EXERCISE INPUT
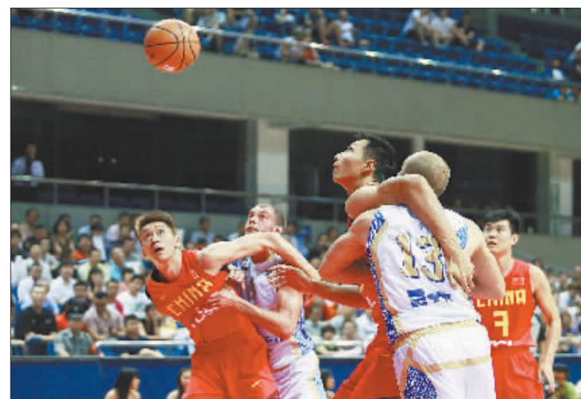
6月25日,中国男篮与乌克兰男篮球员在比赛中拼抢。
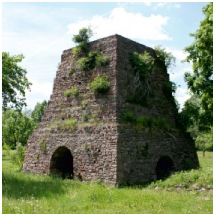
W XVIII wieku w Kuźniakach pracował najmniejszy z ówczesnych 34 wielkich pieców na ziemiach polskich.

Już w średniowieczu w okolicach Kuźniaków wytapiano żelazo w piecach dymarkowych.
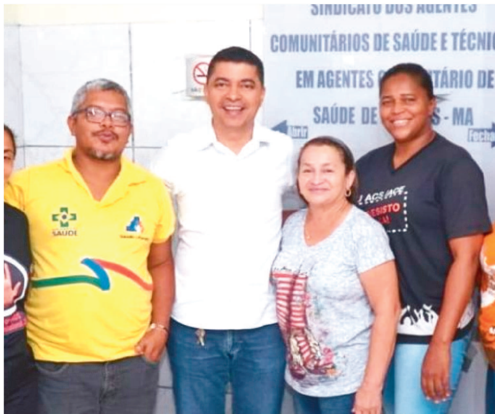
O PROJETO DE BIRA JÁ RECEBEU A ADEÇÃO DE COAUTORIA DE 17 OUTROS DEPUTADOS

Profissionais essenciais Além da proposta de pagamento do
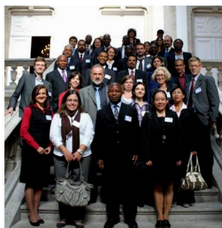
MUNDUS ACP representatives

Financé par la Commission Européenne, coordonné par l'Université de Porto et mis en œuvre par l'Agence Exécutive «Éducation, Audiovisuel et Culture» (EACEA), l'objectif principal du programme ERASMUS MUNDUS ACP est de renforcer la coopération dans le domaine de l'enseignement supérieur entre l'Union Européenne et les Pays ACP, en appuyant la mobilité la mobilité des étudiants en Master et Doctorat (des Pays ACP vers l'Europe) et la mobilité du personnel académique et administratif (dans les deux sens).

TASK PROMPT
Copy exactly, and only, the lines from the line that contains "MUNDUS ACP representatives" through the end of the data above.

TASK ANSWER
MUNDUS ACP representatives

Financé par la Commission Européenne, coordonné par l'Université de Porto et mis en œuvre par l'Agence Exécutive «Éducation, Audiovisuel et Culture» (EACEA), l'objectif principal du programme ERASMUS MUNDUS ACP est de renforcer la coopération dans le domaine de l'enseignement supérieur entre l'Union Européenne et les Pays ACP, en appuyant la mobilité la mobilité des étudiants en Master et Doctorat (des Pays ACP vers l'Europe) et la mobilité du personnel académique et administratif (dans les deux sens).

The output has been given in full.